Семья Тибо, том 2
Шрифт:
– Идиотка!.. Идиотка!.. Идиотка!.. – повторяла она, швыряя на столик сумочку, шляпу, перчатки. И внезапно простая, тайная и ужасная правда встала перед нею: она мучительно нуждалась в нем, а ему она нисколько не была нужна!
XLVIII. Вторник 28 июля. – Поездка Жака в Берлин; Жак заходит к Фонлауту
Около восьми часов утра Жак, всю ночь не сомкнувший глаз, вышел из вагона на вокзале в Гамме, чтобы купить немецкие газеты.

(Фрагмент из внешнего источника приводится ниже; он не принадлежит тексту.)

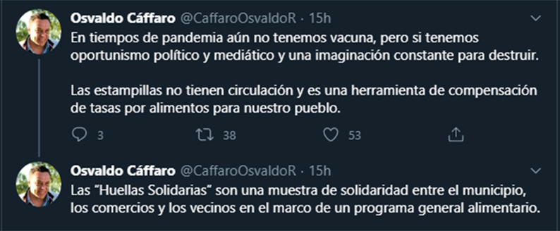“En tiempos de pandemia aún no tenemos vacuna, pero si tenemos oportunismo político y mediático y una imaginación constante para destruir. Las estampillas no tienen circulación y es una herramienta de compensación de tasas por alimentos para nuestro pueblo”, indicó el jefe comunal.
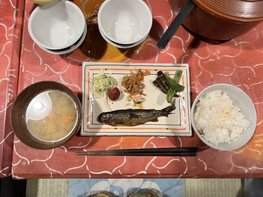 精進料理のような朝ごはん。ごはんのおこげに味わいを感じます。
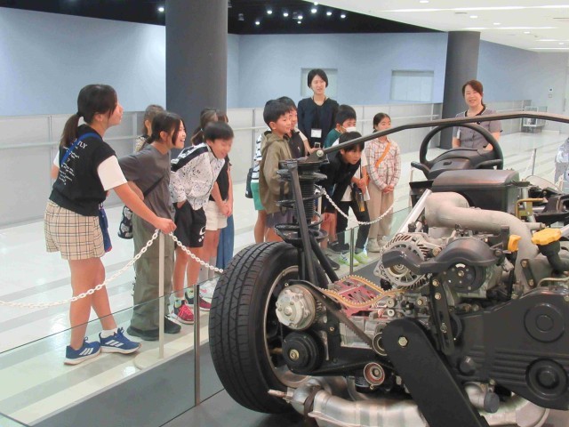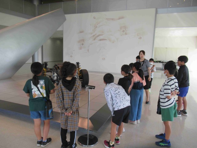 5年生は社会科の校外学習として、株式会社SUBARU様を見学しました。自動車の生産はいくつかの工程に分かれていますが、今回はボディとエンジンなどを組み立てる工程を、実際に工場内を歩きながら見させていただきました。人とロボットが協力して、正確に、素早く自動車が組み立てられていく様子を見て、子供たちからは「おお」「すごい」などの声が漏れていました。また、実際に見られない工程についても、VRゴーグルにより、臨場感をもって説明を受けることができました。見学後は太田運動公園で昼食タイムでした。爽やかな気候の中、お弁当をおいしくいただきました。日本の中心産業の一つである自動車工業。その様子や企業が取り組む工夫について知ることができ、有意義な一日となりました。株式会社SUBARUの皆様、誠にありがとうございました。
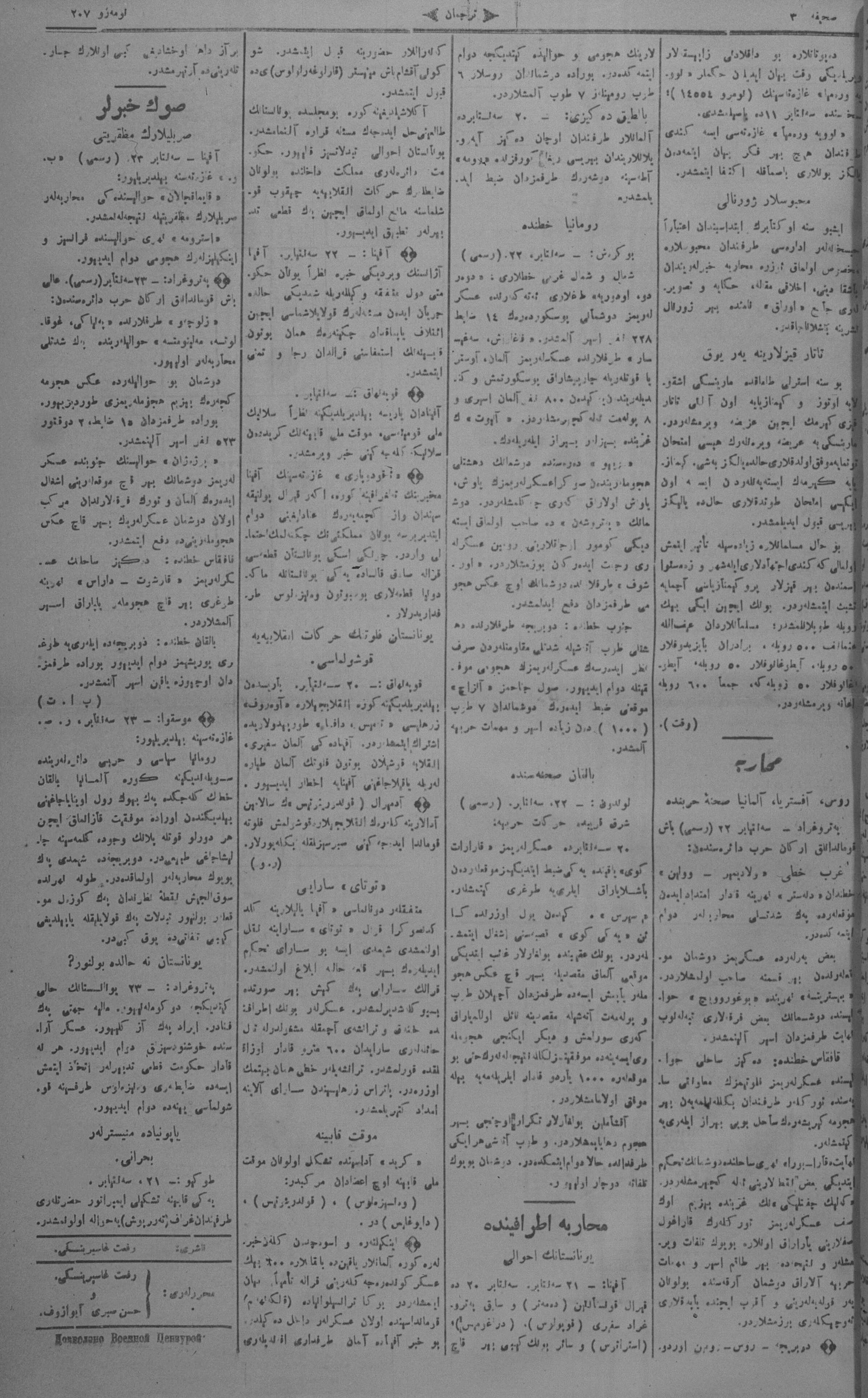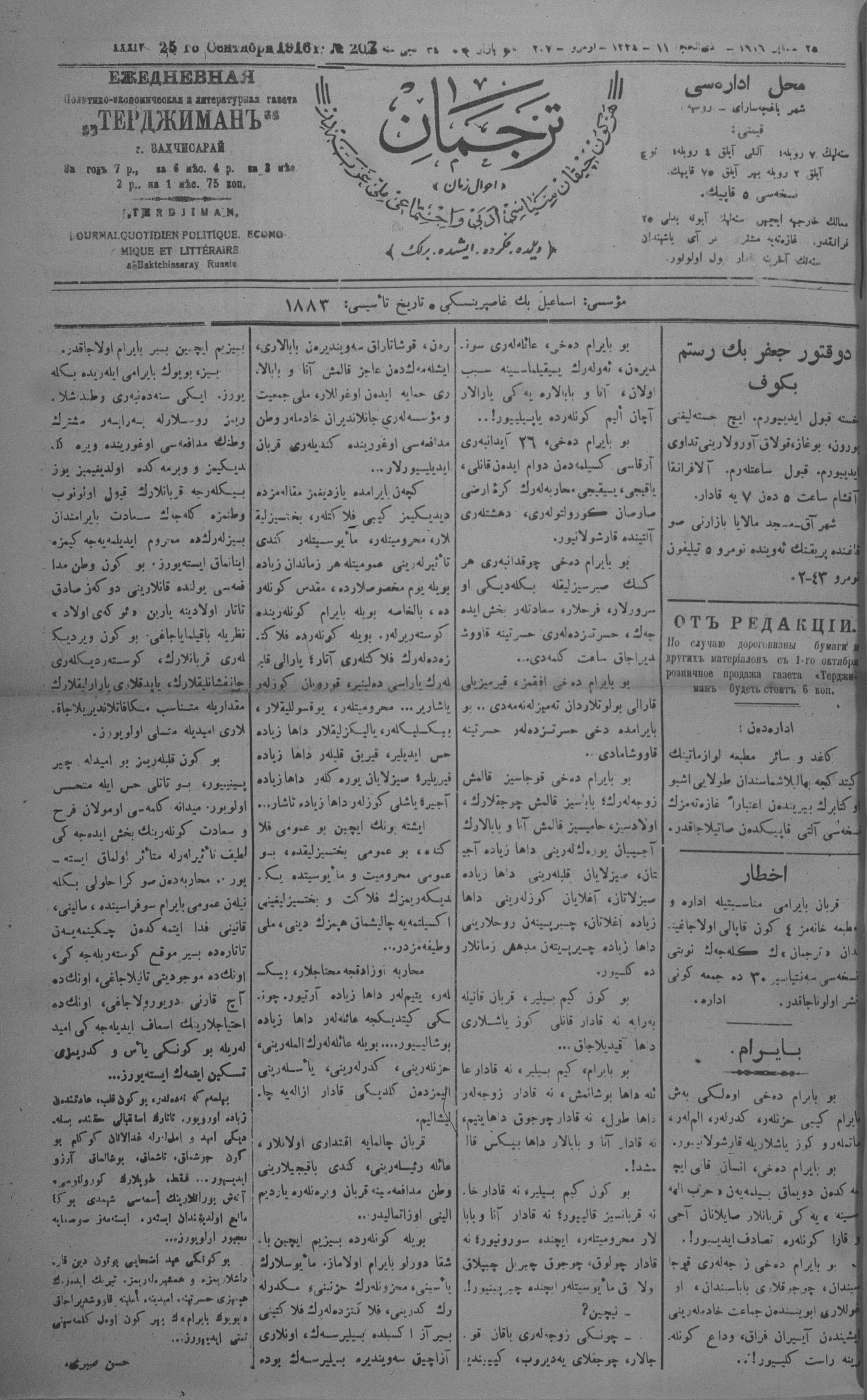 Tercüman, 25 September 1916 Year 34 No 207
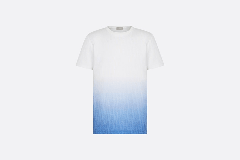 Camiseta Dior de punto degradado en blanco y azul con motivo Dior Oblique por toda la prenda
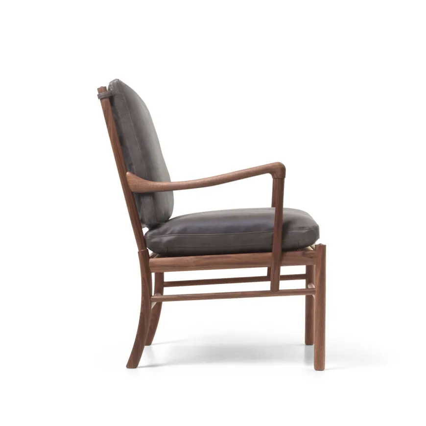 OW149 Colonial lænestol i olieret valnød med TERRA®-læder hylder Ole Wanschers raffinerede minimalisme. Den slanke træramme og de let svungne armlæn giver et luftigt udtryk, mens de bløde, formstabile puder inviterer til ro. Det håndflettede sæde i rørflet understreger den klassiske lethed og kan udskiftes ved behov – et gennemført møbel, der kombinerer holdbarhed, komfort og ikonisk dansk håndværk. Match gerne med OW149F fodskammel for fuld loungestemning.
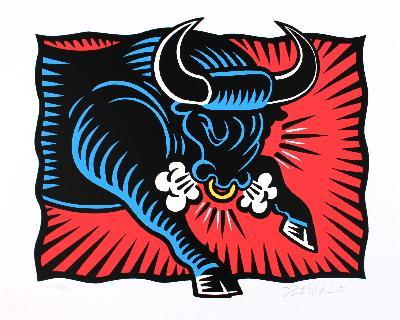 Reference #: ULYY9617-B Artist Name: Morris, Burton Title: The Bull Medium: Serigraph Edition Size: 375 Year: 1997 Paper Size: 14 x 17 inches Image Size: 12.25 x 14 inches Condition: A: Mint Notes: From the "Herd on the Street" portfolio. Signed, Numbered and Dated in Pencil.
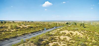 登上杭錦旗第一條穿沙公路旁的防火瞭望塔,四下遠望,隻見公路兩(liang) 側(ce) 的沙地,被沙生植物覆蓋起來。這條全長115公裏的黑色柏油路,從(cong) 杭錦旗錫尼鎮出發,猶如一把利劍,直插庫布其沙漠腹地,硬生生將沙漠攔腰劈斷。
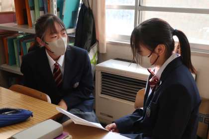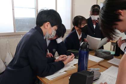 昨日実施された学習診断テストの自身の解答を見直し、解き方に問題がなかったか、正確でさらに早く解ける方法はないかなど、仲間同士で確認し合っていました。
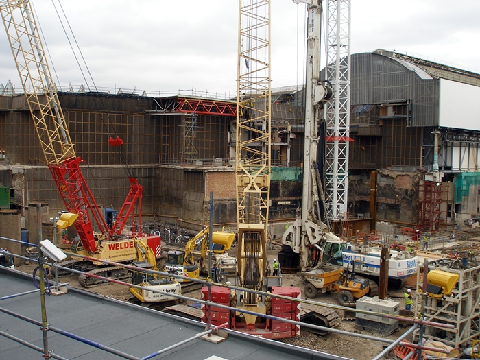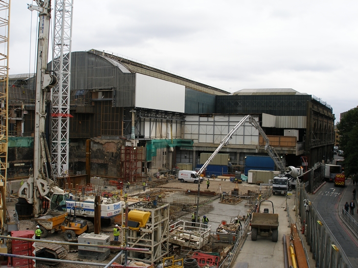 Behind the trainshed, we can see the first foundations being made for ''The Shard''. This view shows to good effect the elevated nature of the platforms and tracks of the terminus station. © David Glasspool
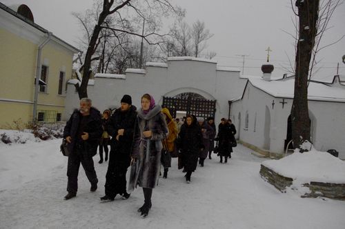 В усыпальнице бояр Романовых была отслужена лития у надгробия великого князя Сергея Александровича. Первоначально прах великого князя Сергия Александровича был похоронен в склепе в Чудовом монастыре, который был взорван при советской власти. Позднее во время дорожных работ останки великого князя были обнаружены и перезахоронены в усыпальнице бояр Романовых Новоспасского монастыря.
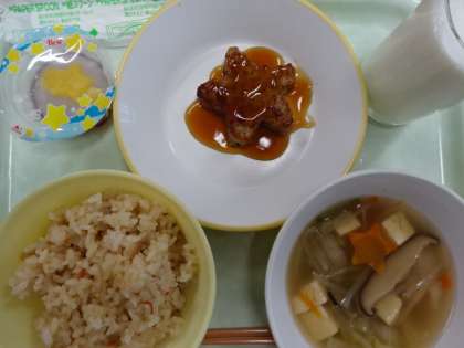 今日の献立は、五目ごはん、牛乳、星形ハンバーグ、豆腐スープ、七夕ゼリーでした。ハンバーグも星形、にんじんも星形、ゼリーも星形でした。
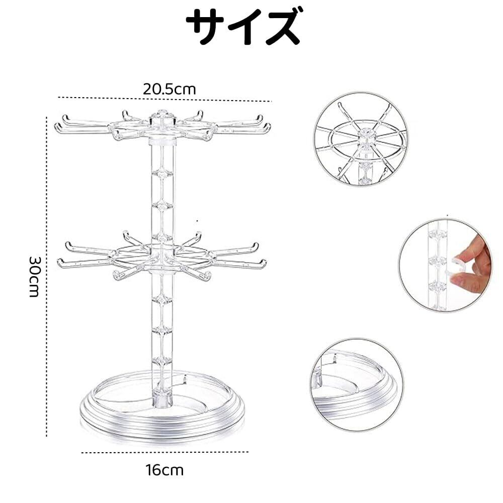 アクセサリースタンド ジュエリースタンド大容量 360 度回転 省スペース リングスタンド 吊り下げオーガナイザー ホルダー 調節可能 ネックレス 鍵 小物 ジュエリー収納 (2 段式-クリア)
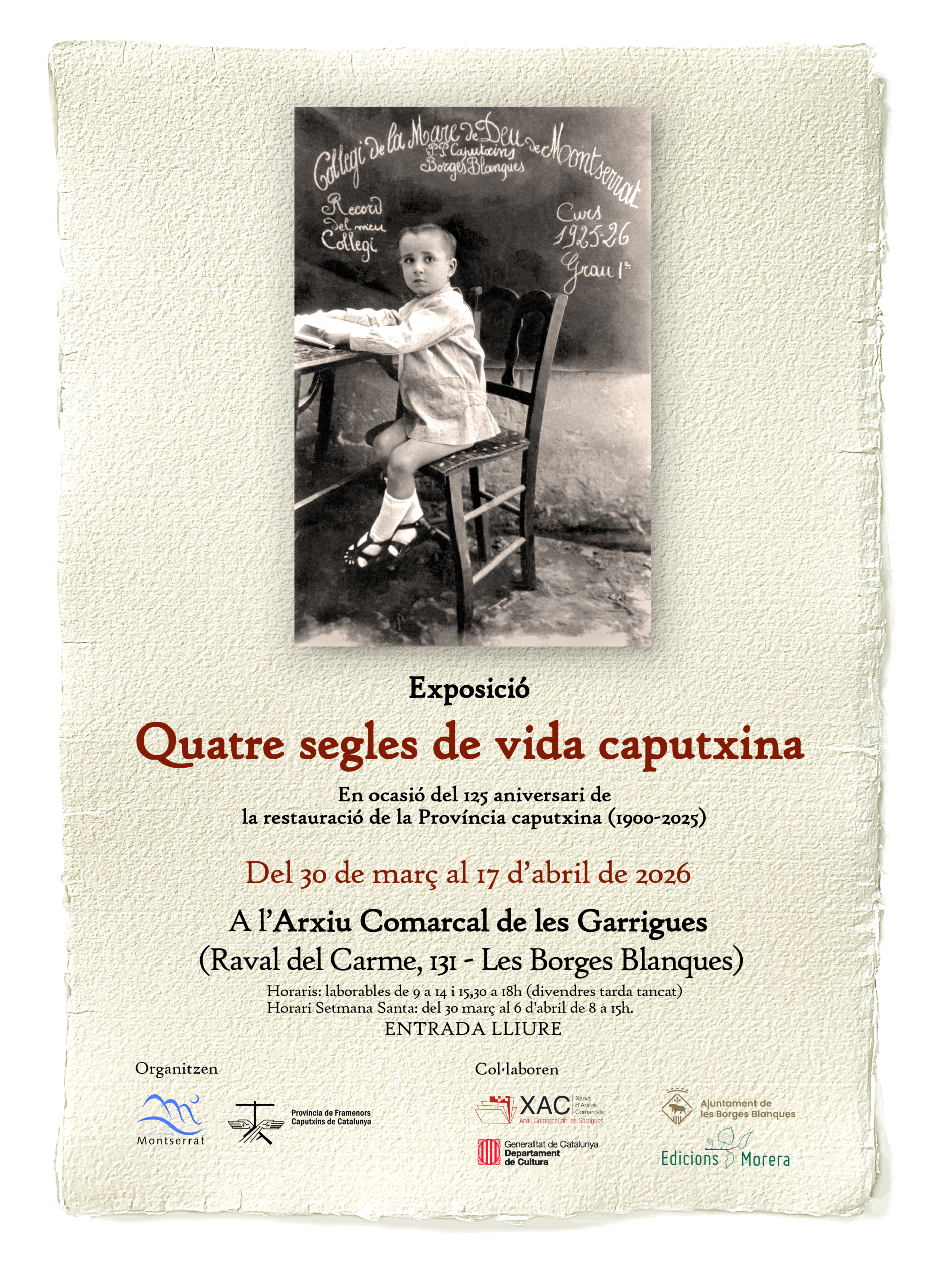 Produïda per Edicions Morera, que a més s’encarrega de la promoció, l’exposició a les Borges Blanques està organitzada per la Província de Framenors Caputxins de Catalunya i el Col·legi Mare de Déu de Montserrat, i compta amb la col·laboració del Departament de Cultura de Generalitat de Catalunya, l’Ajuntament de les Borges Blanques i del mateix Arxiu Comarcal de les Garrigues que l’acull.
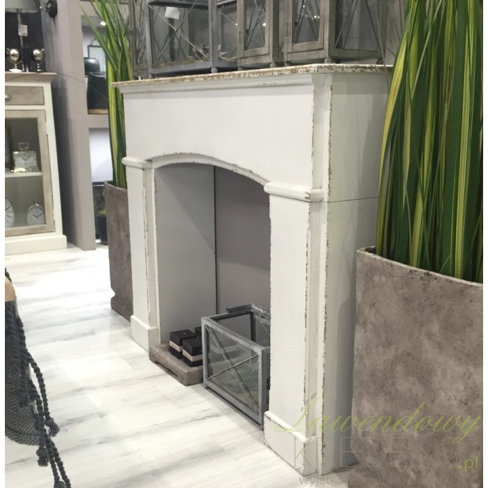 Ekskluzywna obudowa kominka w kolorze białym, z delikatnie rzucającą się w oczy drewnianą półką!
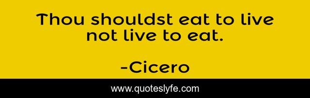 This page presents the quote "Thou shouldst eat to live not live to eat.". Author of this quote is Cicero. .
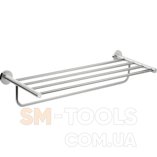 Щоб рушники зберігалися у ванній кімнаті на своєму місці і завжди були акуратно складені, встановіть в інтер'єрі спеціальну полицю. Вона відрізняється від звичайної полички тим, що виготовлена з металевих перекладин. На них рушники швидко сохнуть, отримуючи доступ до повітря. Полиця 41720000 повністю латунна з гладким хромованим покриттям. На ній передбачено п'ять окремих перекладин для рушників. Також верхню частину можна використовувати як полицю для складених сухих рушників та одягу, в той час як на нижній частині може сохнути мокрий текстиль. Довжини 600 мм достатньо для сушки і зберігання великих банних рушників, а також вафельних виробів для обличчя та рук. Поличка 41720000 кріпиться на шурупи — зручну для себе висоту ви підберете самостійно.
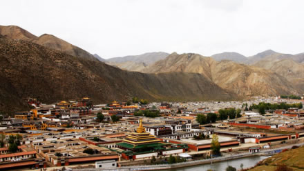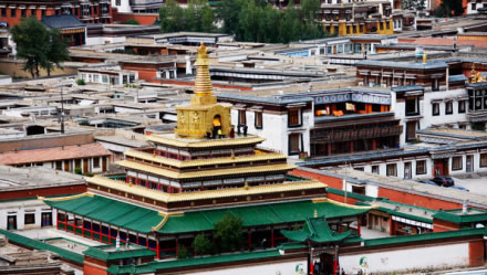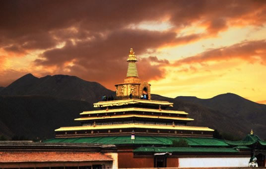 拉卜楞寺,位于甘南藏族自治州夏河縣城西0.5公里處。本名噶丹夏珠卜達(dá)吉益蘇奇貝瑯,簡稱扎西奇寺,是我國藏傳佛教(即喇嘛教)格魯派(黃教)六大寺院之一,一般稱拉卜楞寺。第一世嘉木樣阿旺宋哲大師創(chuàng)建于清康熙四十八年(1709)?滴跷迨辏1714)建立“拉章”(即嘉木樣佛宮),“拉章”音變?yōu)椤袄防恪,意為寺院最高活佛府邸?/p>
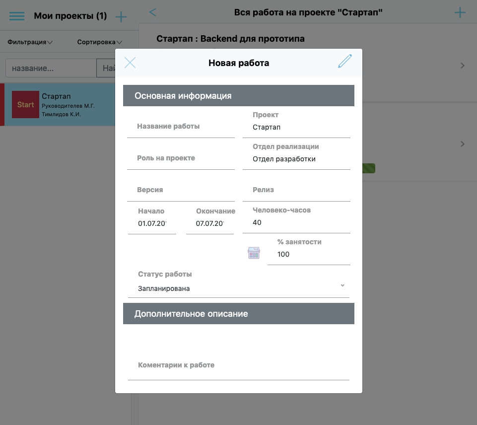 сотрудника в заданный период, вам необходимо выбрать значение "Вне работы", и тогда вам откроются проекты

Пресса единодушно осуждала Австрию за то, что она официально объявила себя "в состоянии войны" о Сербией. Даже правые газеты, пангерманская "Пост" или "Рейнише цейтунг", орган Круппа, выражали "сожаление" по поводу резко агрессивного характера австрийской политики. Набранные жирным шрифтом заголовки возвещали о срочном возвращении кайзера и кронпринца.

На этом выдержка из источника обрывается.